Source records:
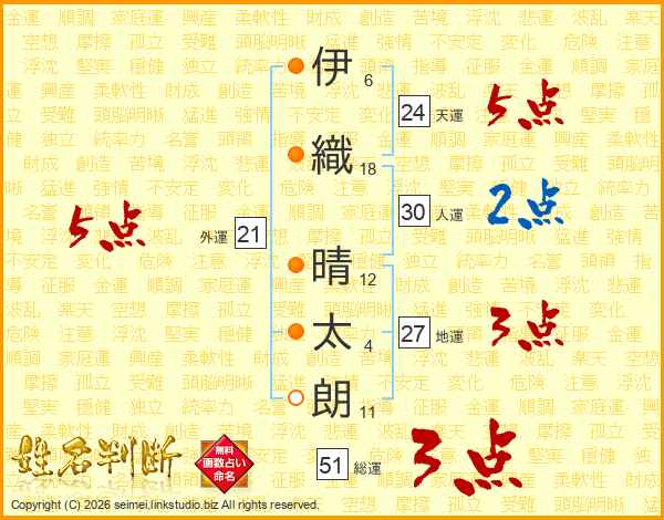 伊(6画)織(18画) 晴(12画)太(4画)朗(11画)
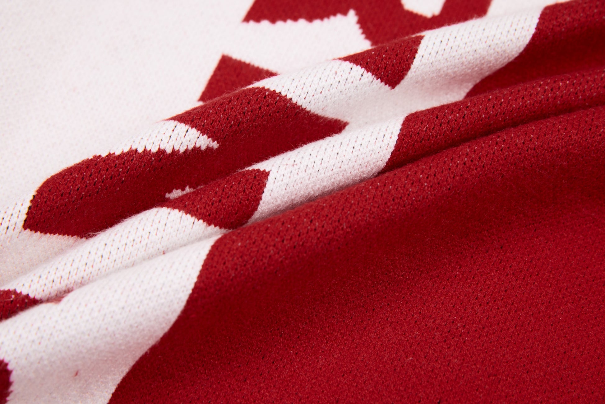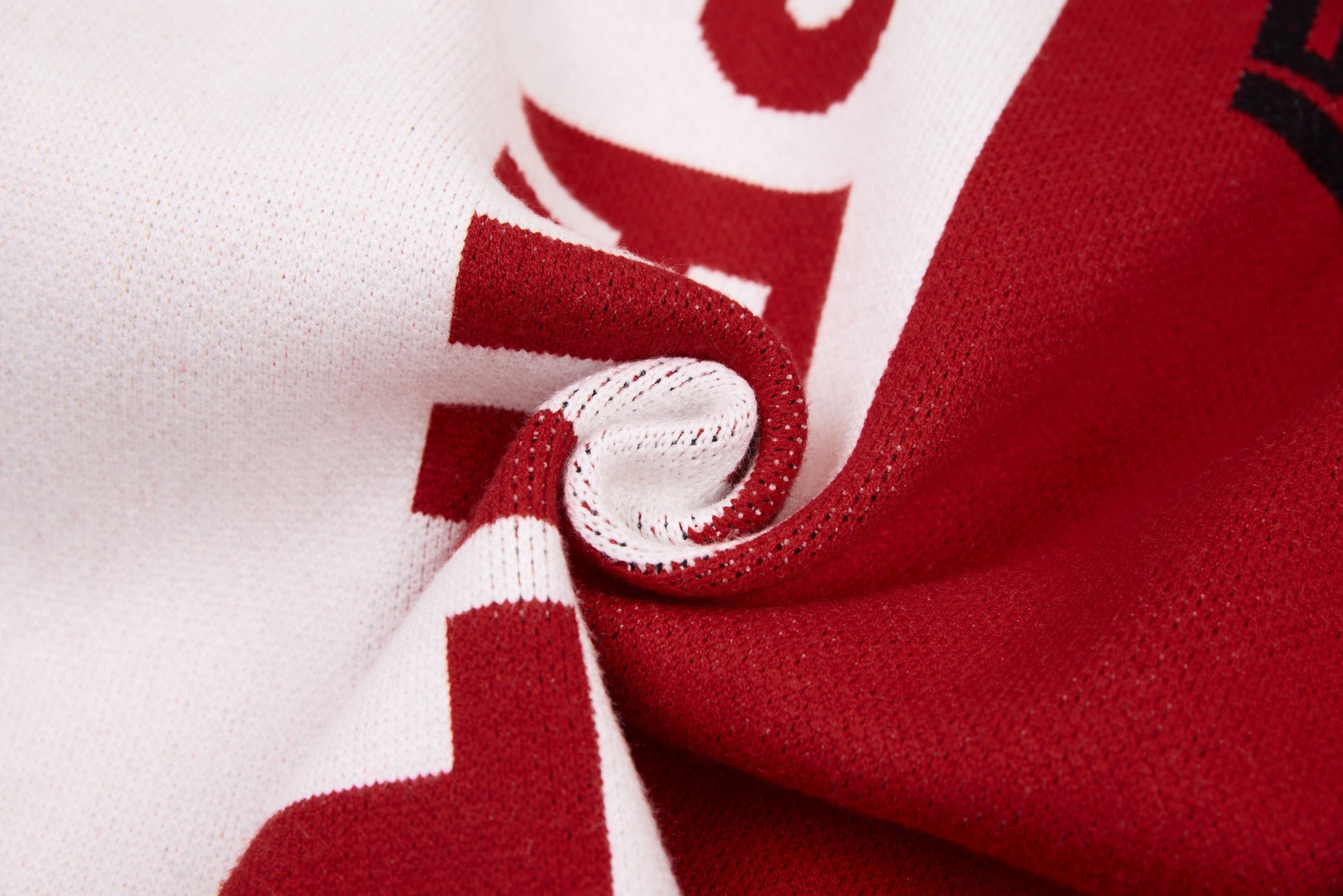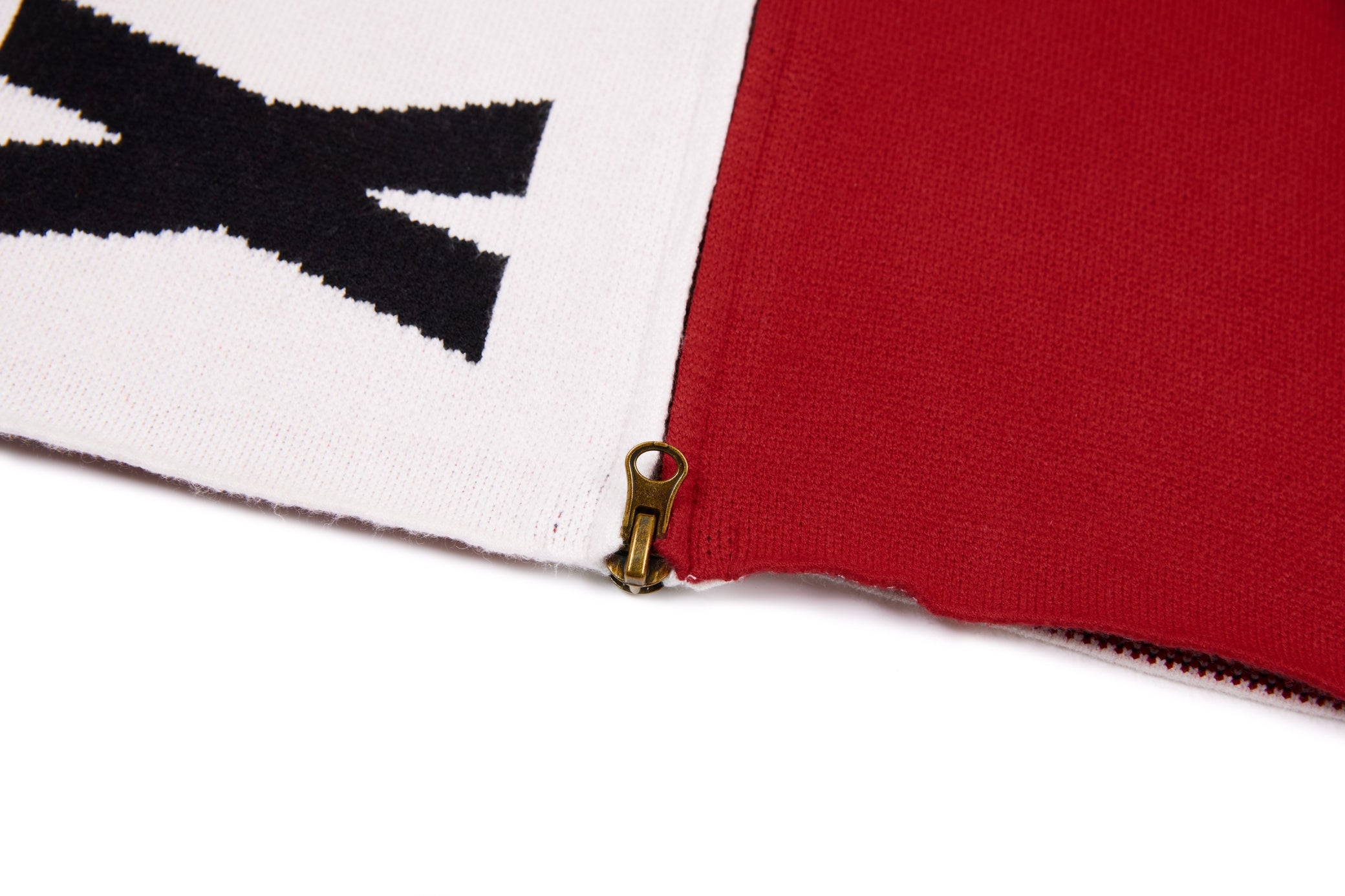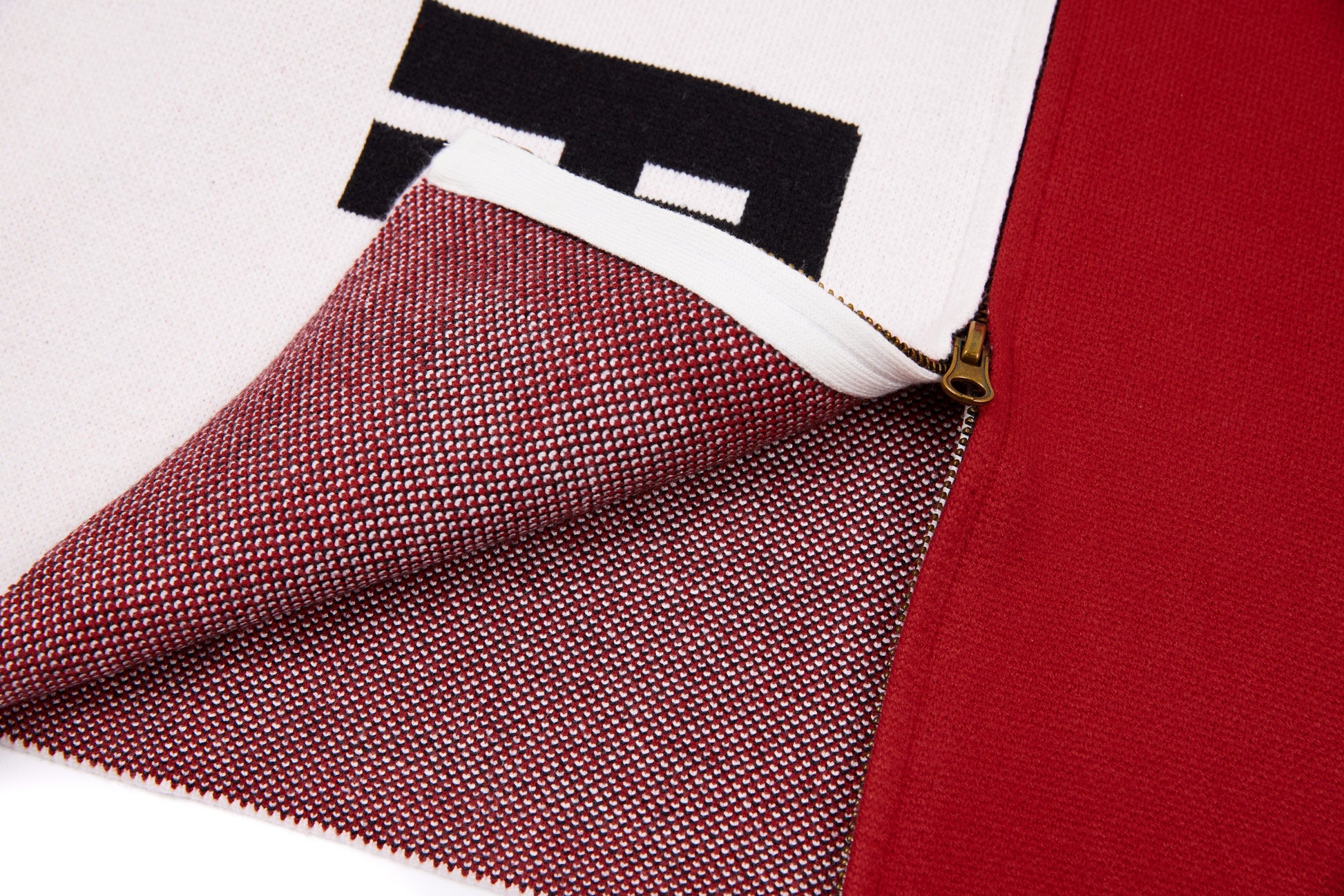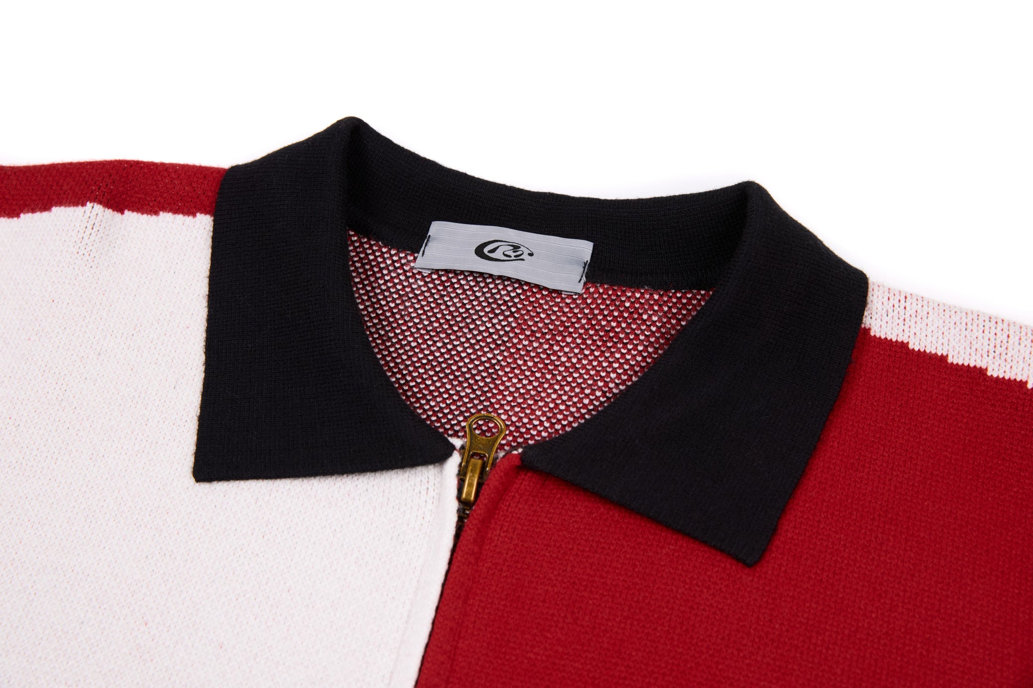 Details: Split-color knit, oversized racing typography, sleeve graphics, embroidered chest patch, metal zip front
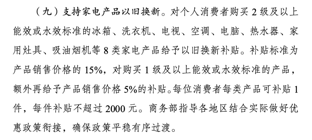 京东在这次国补的基础上,额外投入 65 亿元加码以旧换新, 其中 30 亿用于家电家居商品补贴。
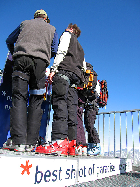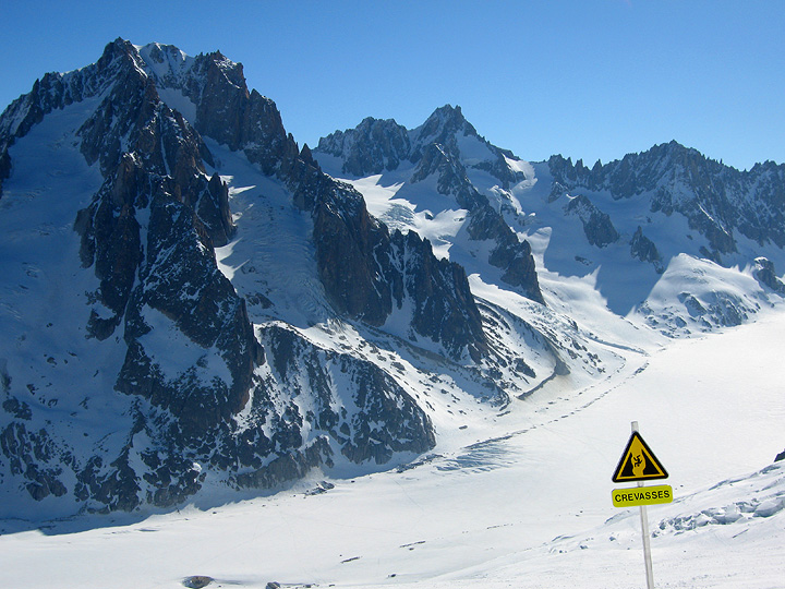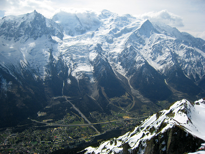 Our first day was meant to be a descent of the Vallée Blanche. Strong foehn winds pouring over the range from the south, kept the Aiguille du Midi telepherique closed for the day, so we instead rode the lifts to the top of the Brévent. The views across to Mont Blanc were fantastic, even if the snow was rather ... heavy. |
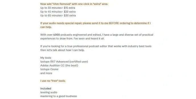 This service provides the feature of leveling audio with noise reductions. It also removes unwanted background noises. Mattvopro makes your podcast completely flawless and perfect for the audience.
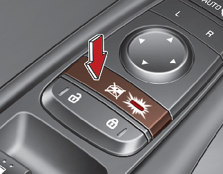 O condutor pode desativar os interruptores dos vidros elétricos das portas dos passageiros do banco traseiro premindo o botão de bloqueio dos vidros elétricos para a posição LOCK (Trancar).
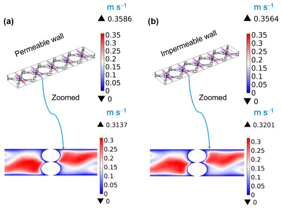 The velocity magnitude distributions with an inlet average velocity magnitude of 0.15 m s−1 using (a) the permeable wall model (Case 1: = 1 L m−2 h−1 bar−1) and (b) the impermeable wall model.
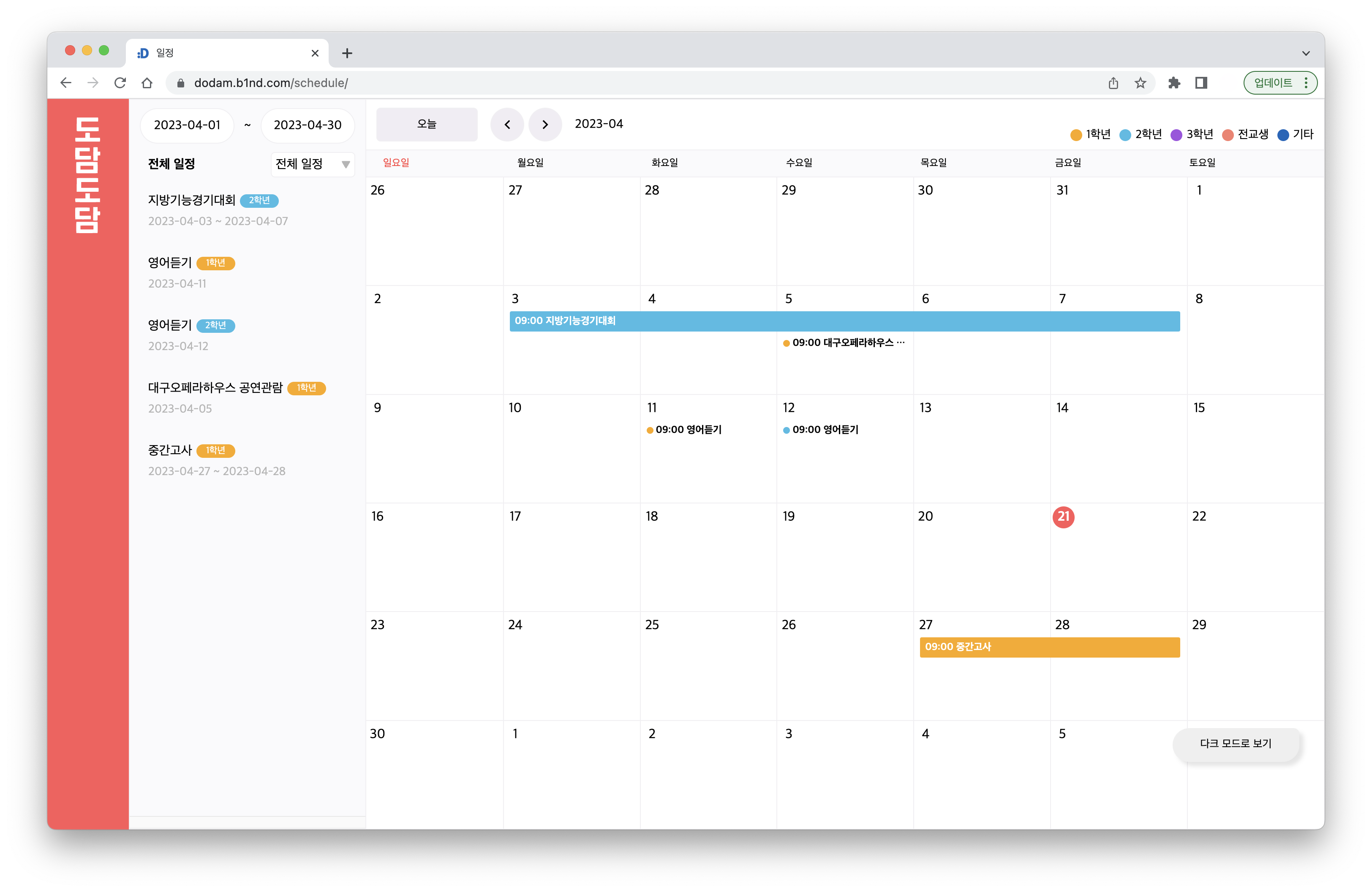 바인드 팀의 메인 프로덕트인 '도담도담'은 대구소프트웨어마이스터고의 외출/외박, 자습실 신청, 상벌점 관리, 기상송 신청, 분실물 신청 등의 서비스를 제공하는 교내 스마트 스쿨 플랫폼이다. 나는 2021년 초반에 바인드 팀 4기 리더 이영은 선배님의 도담도담 설명회를 듣고, 바인드 팀의 문화 및 프로덕트에 반해버렸다. 그때부터 바인드 팀 백엔드 개발자이셨던 신중빈 선배님께 백엔드에 대한 지식을 여쭤보며, 개발에 대한 열정을 뿜뿜 했다. (내가 백엔드에 관심을 가지던 이유에 대해서는 이 글을 참고하기를 바란다.)

> [WHAT NEEDS TO BE DONE] Set down exactly the lines above, from the line containing "Details: Split-color knit, oversized" through the line containing "京东在这次国补的基础上,额外投入 65 亿元加码以旧换新, 其中". Skip the pictures.

> [TASK RESULT]
 Details: Split-color knit, oversized racing typography, sleeve graphics, embroidered chest patch, metal zip front
 京东在这次国补的基础上,额外投入 65 亿元加码以旧换新, 其中 30 亿用于家电家居商品补贴。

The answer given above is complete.